On Behalf of | Dec 11, 2017 | Firm News

Written by:  William A. Earnhart

The newly appointed General Counsel to the NLRB, Peter B. Robb, issued a memorandum of “Mandatory Submission to Advice” on December 1, 2017, rescinding several of his predecessor’s policy memoranda and indicating a second look at a number of policy positions advanced under the Obama administration.

The relatively short memorandum addresses a broad range of policy issues promoted by the Board under the Obama administration, from employee classification to intermittent and partial strikes.  Of particular interest to both union and non-union employers is the rescission of GC 15-04 (Report of the General Counsel Concerning Employer Rules) and the General Counsel’s intention to take a new direction in regard to concerted activity for mutual aid and protection.  Lately, the Board has found facially neutral employer handbook rules and policies against obscene or inappropriate conduct, as well as electronic media, confidentiality and security policies, to violate the Act.  This memorandum suggests a willingness to overrule recent precedents on these issues.

It should be noted that the memorandum makes clear that these policy decisions will need to be implemented by the Board and that the Office of the General Counsel will “not be offering new views on cases pending in the courts, unless directed to by the Board or courts.”  Thus, any change will likely happen slowly as the NLRB processes cases.

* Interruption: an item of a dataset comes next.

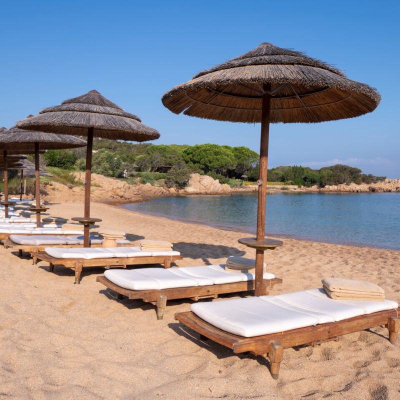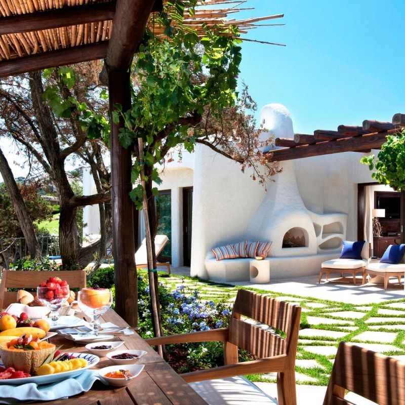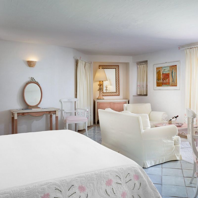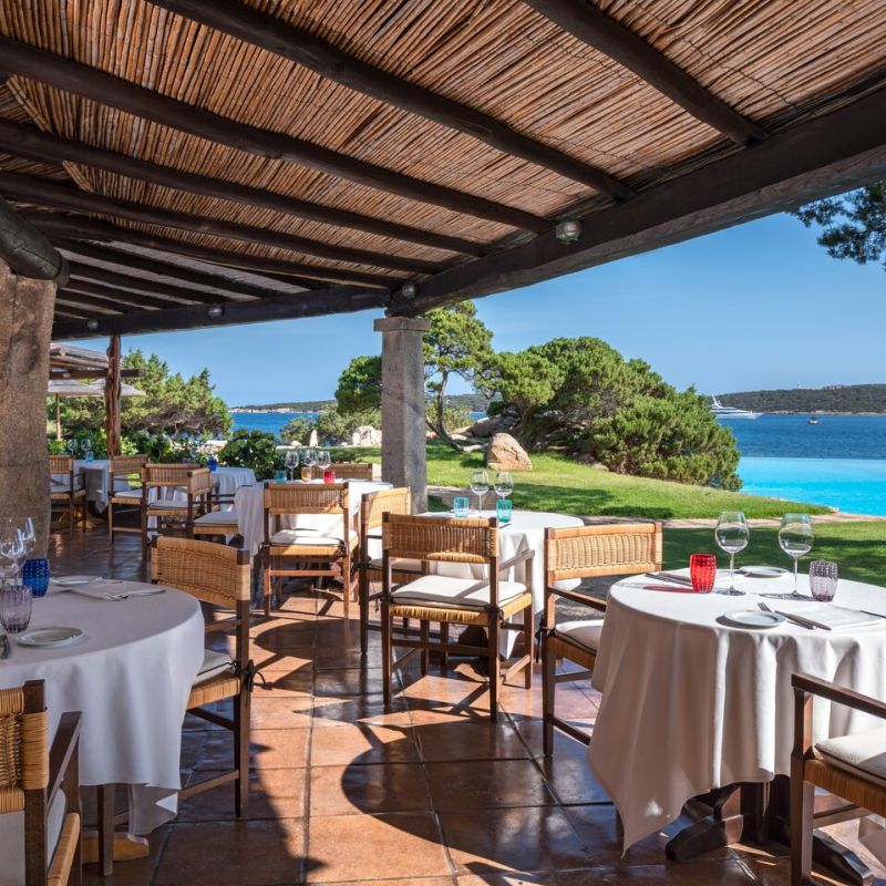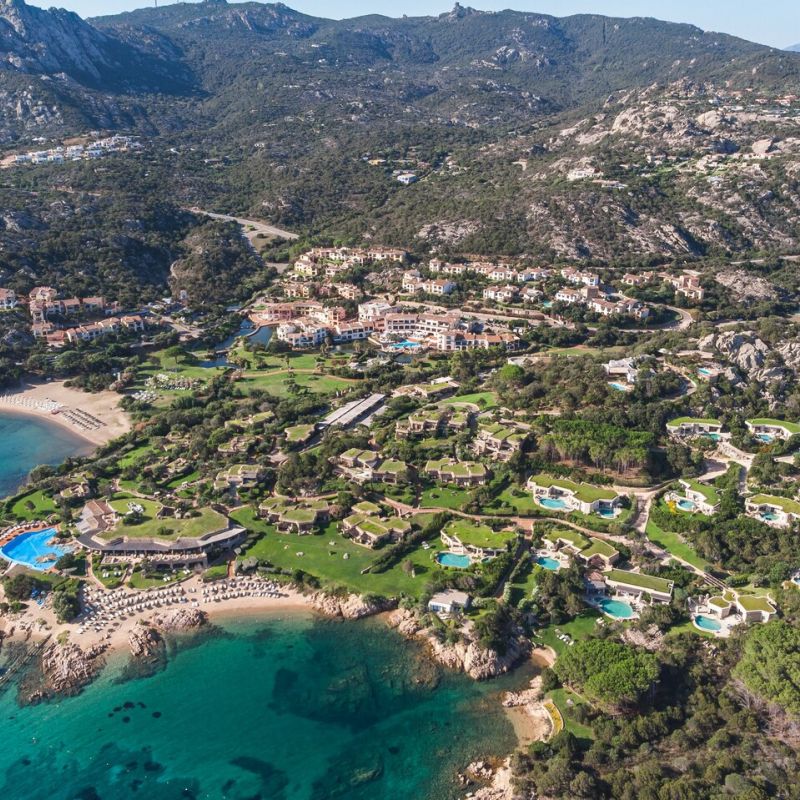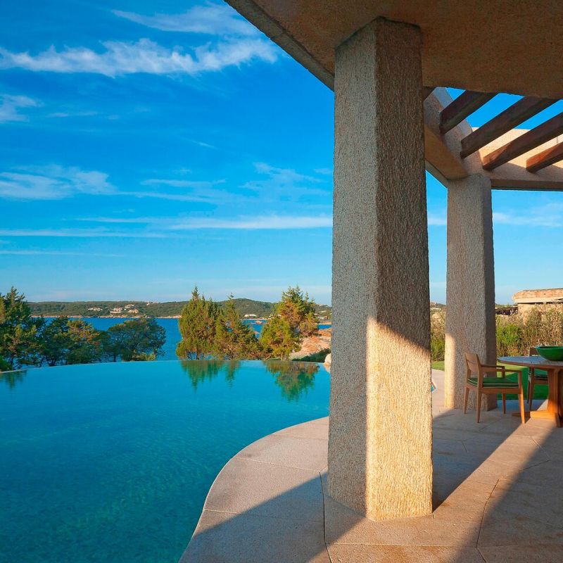 Luxusní hotel s výhledem na pobřeží Costa Smeralda. V blízkosti letoviska Porto Cervo.
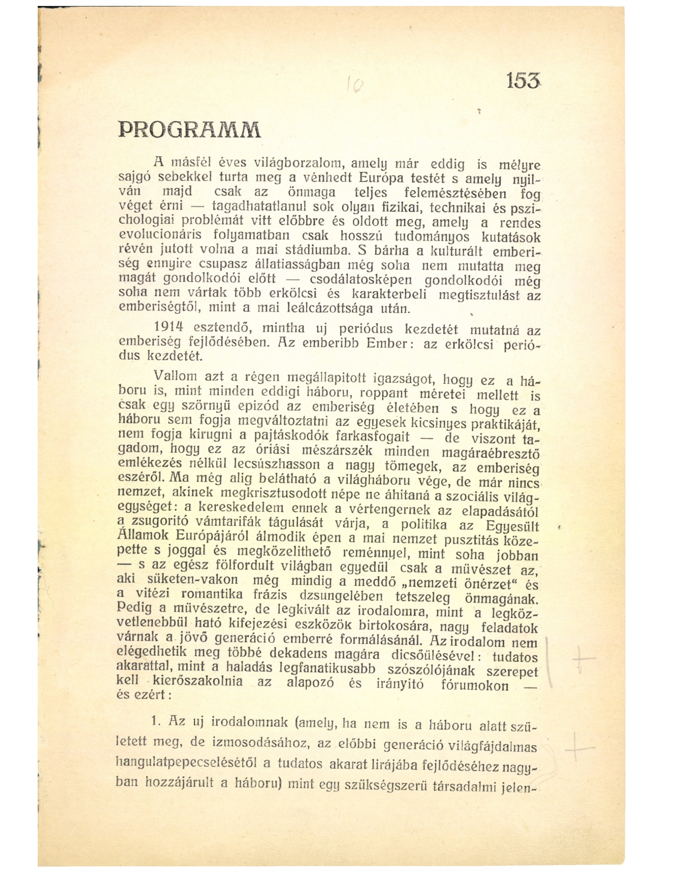 Lajos Kassák, "Program" (1916) [Original Hungarian text in A Tett.]

This is certainly not a win for labor unions; many of the proposed policy changes could ultimately be beneficial to all involved in employer relations by tempering some of the excesses of prior Board decisions. It has been argued that the Board has undermined its legitimacy by making decisions that, although legitimate in respect to union organization, seriously undermine the rights of coworkers in having a safe and respectful work environment.  Recognizing that the Board’s role is often to interpret the scope of “protected activities,” employer/management advocates have repeatedly questioned the rationality of finding employer policies against obscenity and disrespect unlawful.